### Exercise requirements
Exact reproduction of all the data is required, with pictures excluded.

### Dataset excerpt

_ _ _ _ _

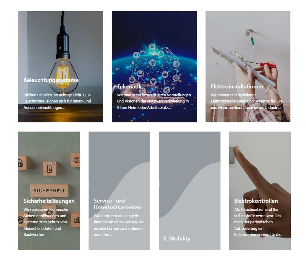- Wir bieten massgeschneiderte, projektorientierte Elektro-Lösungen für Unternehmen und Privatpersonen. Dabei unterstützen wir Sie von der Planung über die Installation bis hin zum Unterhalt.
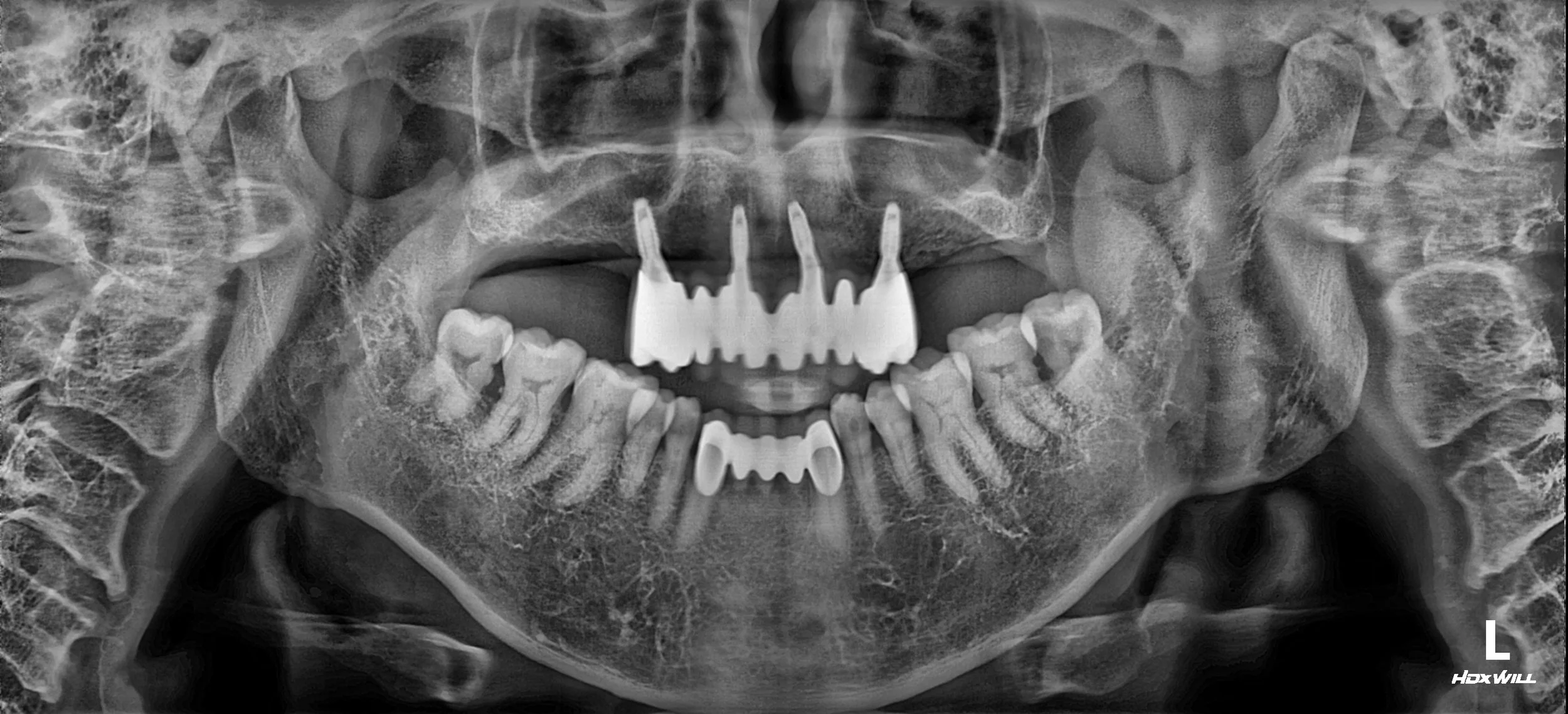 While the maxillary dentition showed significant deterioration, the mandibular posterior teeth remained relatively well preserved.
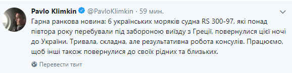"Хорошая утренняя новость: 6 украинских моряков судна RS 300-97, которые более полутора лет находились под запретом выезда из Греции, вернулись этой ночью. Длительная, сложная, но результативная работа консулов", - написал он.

_ _ _ _ _

### Answer space
- Wir bieten massgeschneiderte, projektorientierte Elektro-Lösungen für Unternehmen und Privatpersonen. Dabei unterstützen wir Sie von der Planung über die Installation bis hin zum Unterhalt.
 While the maxillary dentition showed significant deterioration, the mandibular posterior teeth remained relatively well preserved.
"Хорошая утренняя новость: 6 украинских моряков судна RS 300-97, которые более полутора лет находились под запретом выезда из Греции, вернулись этой ночью. Длительная, сложная, но результативная работа консулов", - написал он.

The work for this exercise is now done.